Вернувшись в зал, Ри поняла, кто на нее смотрел. С нее не сводил глаз мужчина, сидевший в углу за столиком.
8.
Руль скользил в мокрых от пота руках.
«Со вчерашнего вечера он не возвращался домой». Очень долго Сергеев пытался понять ключевой смысл этой фразы, но лишь смутные, разрозненные обрывки – все, что оставалось в воображении на месте тех слов… Таким чувством страшной тяжести обычно приходит чудовищная потеря либо неизлечимая болезнь. Но страшней всего была неизвестность. Впервые в жизни он столкнулся с чем-то очень страшным и необъяснимым, и хуже всего было предчувствие, что это еще не конец.
«Со вчерашнего вечера он не возвращался домой». Юрий знал, что такое боль, страх, болезнь, безнадежность, знал на собственном опыте, но впервые ему пришлось понять, что такое беспомощность. Как ни странно, но совершенно в ином свете предстали теперь строчки письма тренера. Тогда, вначале, они показались нелепыми. Теперь – были пугающими. Они звучали так, как будто тренер прекрасно знал, что не вернется этим вечером домой. Так, как будто ему угрожала какая-то опасность. И, доверяя Сергееву больше всех своих учеников, а тем более помня, что накануне он несправедливо его обидел, Валерий Николаевич хотел именно ему все рассказать.
Ехать было легко, но долгая дорога к Дворцу спорта показалась Юрию бесконечной. Подъезжая, он увидел, что на стоянке находится слишком много машин. Непривычно много было и возле самого входа. А потом он увидел то, что ударило его словно током – у входа во Дворец спорта стояли две самые страшные в мире машины: милиции и скорой.

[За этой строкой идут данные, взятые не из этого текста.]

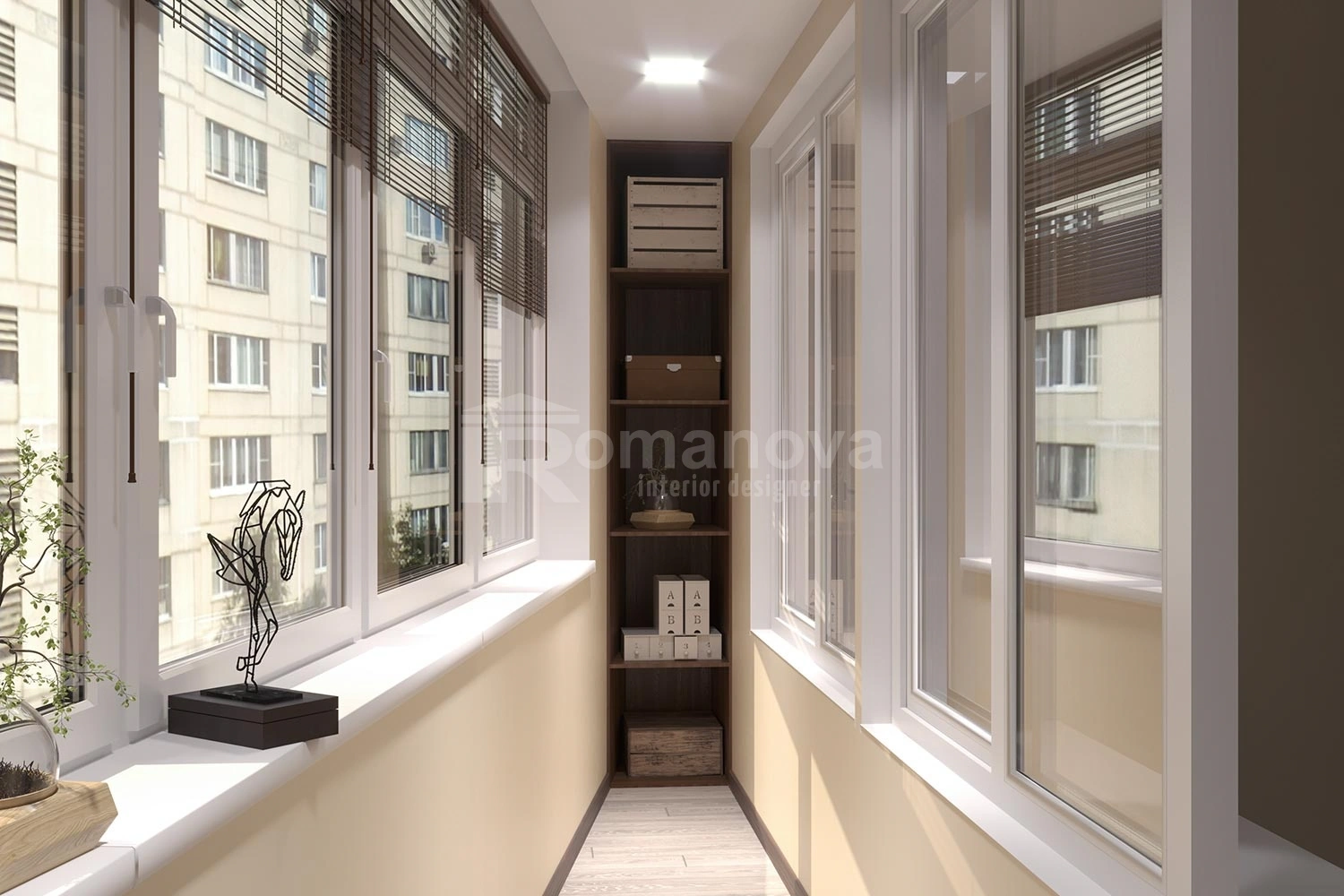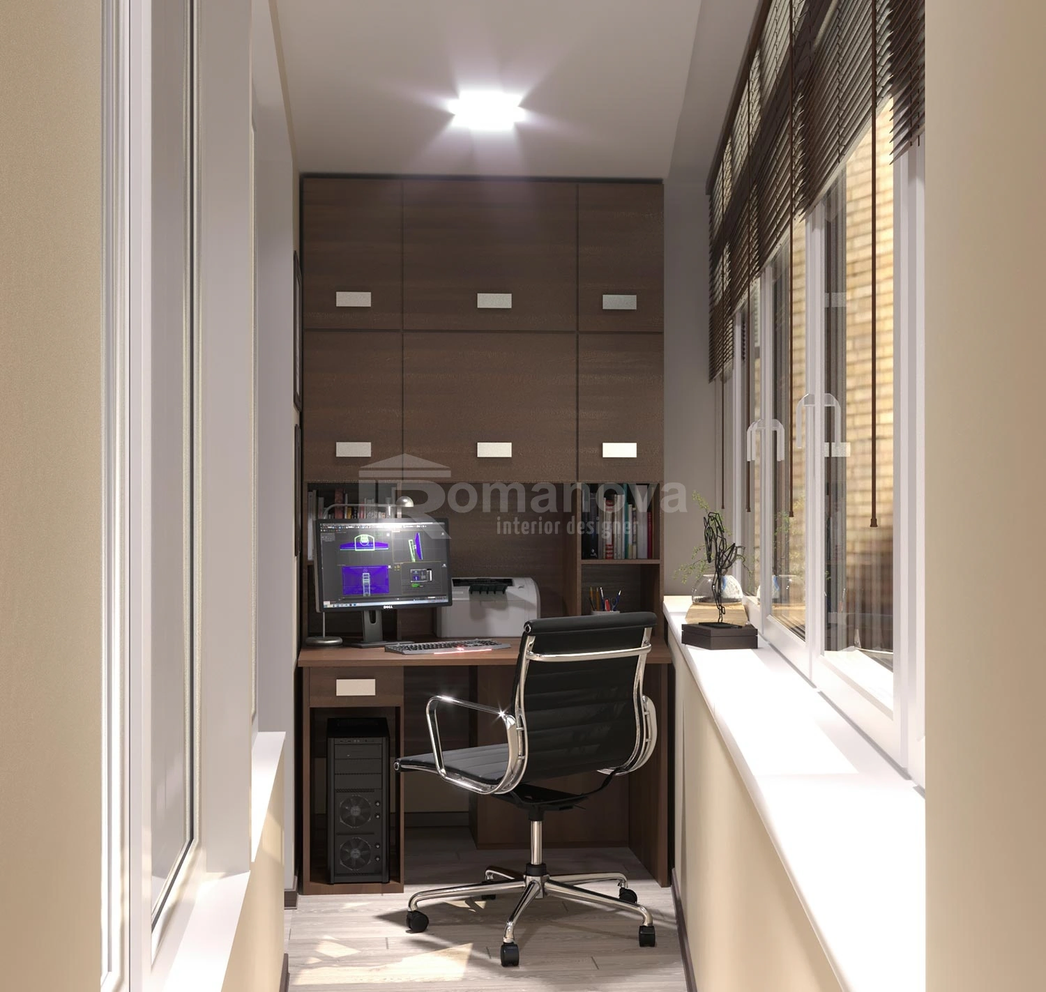 Хозяин квартиры много работает дома, поэтому решено было расположить рабочий кабинет на балконе. Там установлен удобный и функциональный рабочий стол, на котором уместилась вся нужная для работы оргтехника. Цветовая палитра для стен в интерьере балкона, выполнена в светло-бежевых тонах. Вся мебель и горизонтальные деревянные жалюзи, выбраны в цвете венге. Световое оформление данного пространства, дополнено точечными светильниками и настольной лампой. Это позволяет максимально визуально представить, что человек находится в офисном, комфортном пространстве, спроектированном специально для рабочей обстановки.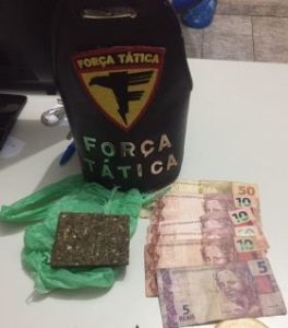 A equipe de militares da Força Tática realizava patrulhamento quando se deparou com os indivíduos em atitude suspeita. Após a busca pessoal, os militares localizaram uma barra de substância análoga à maconha e a quantia de R$ 95 reais em dinheiro.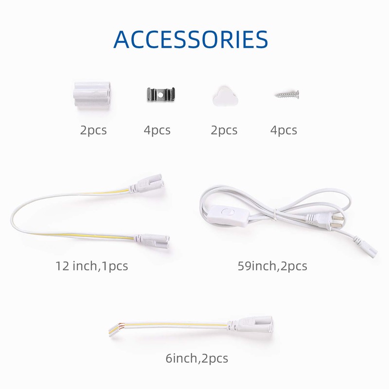 - You Will Get - 4 x LELEJU T5 5W 1FT LED Shop light,4 x 59inch Power cords with On/Off Switch,4 x 6inch Hardwire power cords,3 x 12-inch Serial connector, and other necessary accessories for installation.
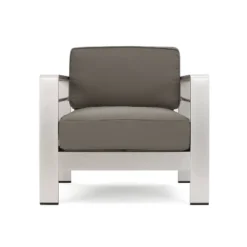 Aviara 5pc Aluminum Chat Set With Fire Pit – Silver/Khaki And Light Gray – Christopher Knight Home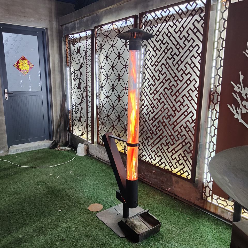 Biomass Rocket Stove Patio Wood Pellet Heater Fireplaces Fire Column Pellet Torch Outdoor Steel Construction Minimalist Design

Сергеев быстро выскочил, успев только выдернуть ключ зажигания и кое-как захлопнуть дверь. Не различая дороги, бросился в толпу. Сбоку его подхватили чьи-то руки. Спортсмены, с которыми он тренировался вместе у Валерия Николаевича, стояли возле самого входа, который был перекрыт и оцеплен милицией. На крыльце, во дворе, на всем протяжении стоянки и дальше стояли группки людей: начиная от маленьких детей, которых, очевидно, прямо с тренировки вывели на улицу в спортивных тренировочных костюмах, и заканчивая уборщицами и официантками из бара.
– Куда так спешишь? – на Юрия смотрел Виталик, его друг.
– На тренировку. Уже опаздываю.
– Ну, туда ты попадешь не скоро.
– Что-то произошло? Почему милиция не пускает внутрь?
– Ты ничего не знаешь?
– Я же только приехал!
– Тренера нашли в кабинете мертвым. Говорят, сердечный приступ. Случилось это вроде вчера вечером, после занятий. Вызвали скорую и милицию. Ведется следствие.
Сергеев почувствовал, что земля уходит прямо из-под его ног, и мир, расплываясь в круги, исчезает из пределов его зрения. Все кружится и плывет, лица заволакивает какой-то туман, и во всем теле – тяжесть и боль, словно он дрался, не прекращая, целых двадцать четыре часа, словно выдержал самый тяжелый за всю свою жизнь бой.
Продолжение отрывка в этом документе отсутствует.